Justice Mark Cooper decided Angus probably burned down the ailing business himself and he upheld Ace Insurance's decision not to pay out the policy.
Angus had argued two men with hoodies and scarves over their faces forced him into the hotel and threatened to set him on fire using a red and yellow lighter.
The men took him to the office where he opened the safe and filled a shopping bag with an estimated $10,000 in cash.
He said the men tied his hands together in front of him with tape then made him lead them into the hotel and disarm the alarm.
The men filled bags with bottles of alcohol, mainly bourbon, and then hit him over the back of the head, he said.
When he regained consciousness the building had been set alight. Angus said he crawled out of the building as the robbers fled into the night.
Justice Cooper gave a lengthy description of discrepancies with the story. He said dousing Angus was an "odd" way to coerce him to give them money and he could have been threatened "more straightforwardly" with a weapon.

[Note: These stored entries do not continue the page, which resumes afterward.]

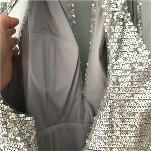 NWT Adrianna Papell Silver Sequin Paillette Gown 4
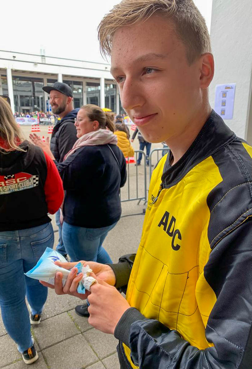 Sitzprobe, Streckenbegehungen, anfeuern der Teamkollegen in den fünf Starterklassen gehörte wie immer dazu. Aber der Wespenstich bei Timo Greth vor seinen Fahrrunden war nicht geplant. Das erhöhte dann die Anspannung, da seine K5 auch am Sonnabend die ersten Fahrer waren.
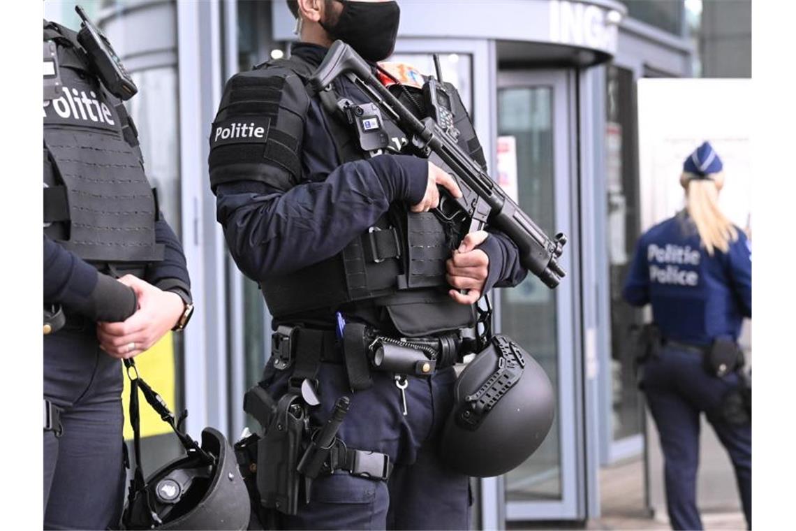 Polizeibeamte stehen bewaffnet vor Prozessbeginn vor dem Eingang des Gerichts. Foto: Dirk Waem/BELGA/dpa
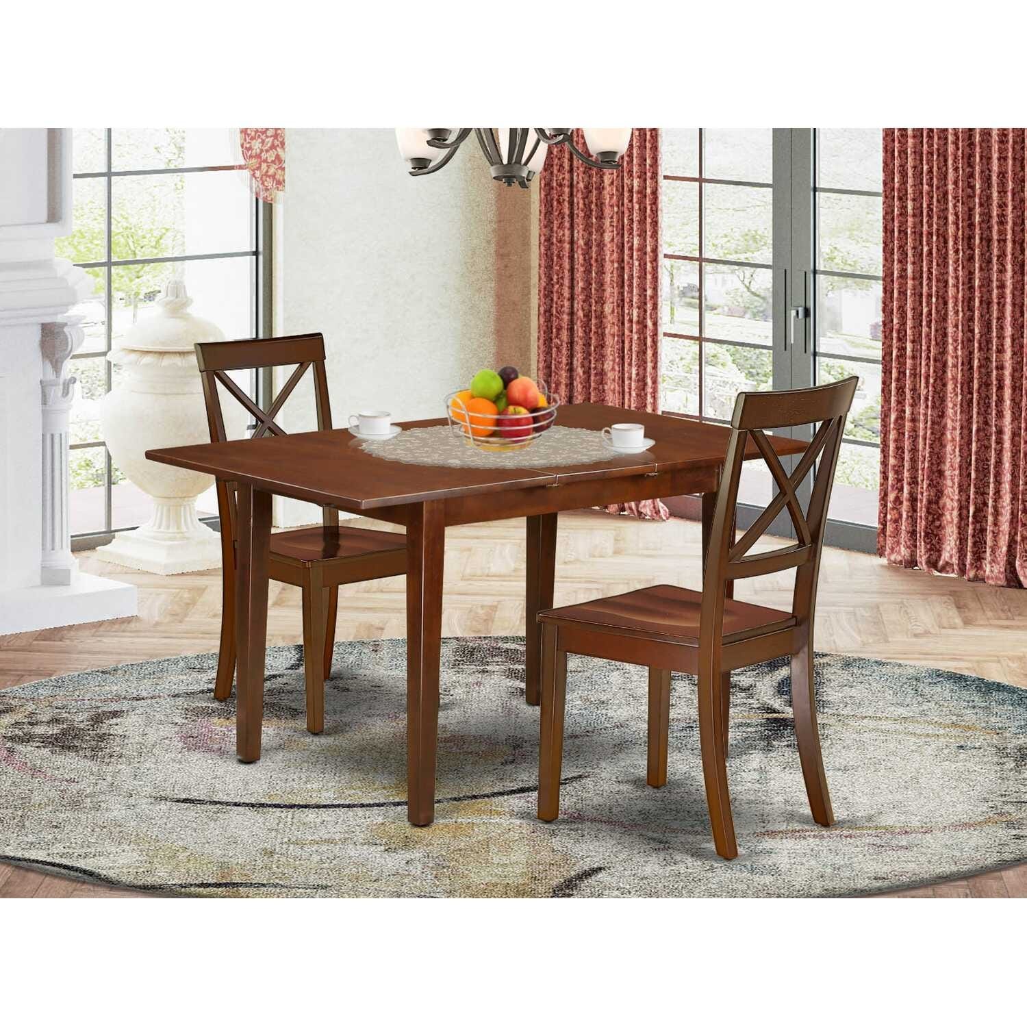 Vintage Kitchen Dining Set - Table with Butterfly Leaf & 2 Chairs - 32x54 Inch Mahogany Finish
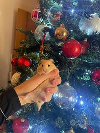 Piccola cricetina nata il 12 settembre 2025, è abituata ad essere manipolata dai bambini e non è mordace. Il pelo è lucido e fitto.
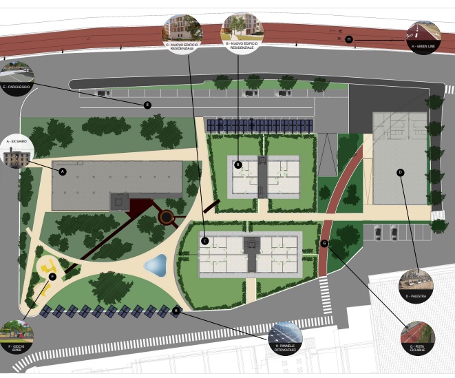 Il progetto, realizzato con il supporto della società Avalon, prevede alloggi destinati a edilizia sociale-agevolata, spazi per le attività delle associazioni cittadine, una nuova palestra e un’ampia area verde con pista ciclabile.
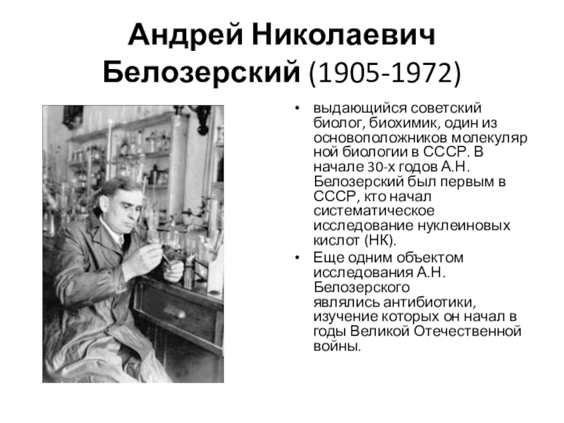 Слайд 21Андрей Николаевич Белозерский (1905-1972)

A chemical analysis of the accelerants used in the fire identified that there were two different types - one a mixture of petrol and kerosene and the other, just petrol. Angus had the petrol-kerosene mixture on his clothing but only petrol on his shoes.
Justice Cooper said the most likely explanation was that it was splashed there as it was poured.
A trail of evidence leading from the scene, including a bottle of bourbon standing upright on a tree stump, "did not ring true".
The wound on Angus's head that supposedly knocked him out was superficial and involved some minor swelling. Angus also had motive as the business was not doing well and had been for sale for about four years.
"I have concluded on the balance of probabilities that the fire at the Pinelands Hotel was set by Mr Angus for the purpose of making a false claim . . ."
The Angus family declined to comment.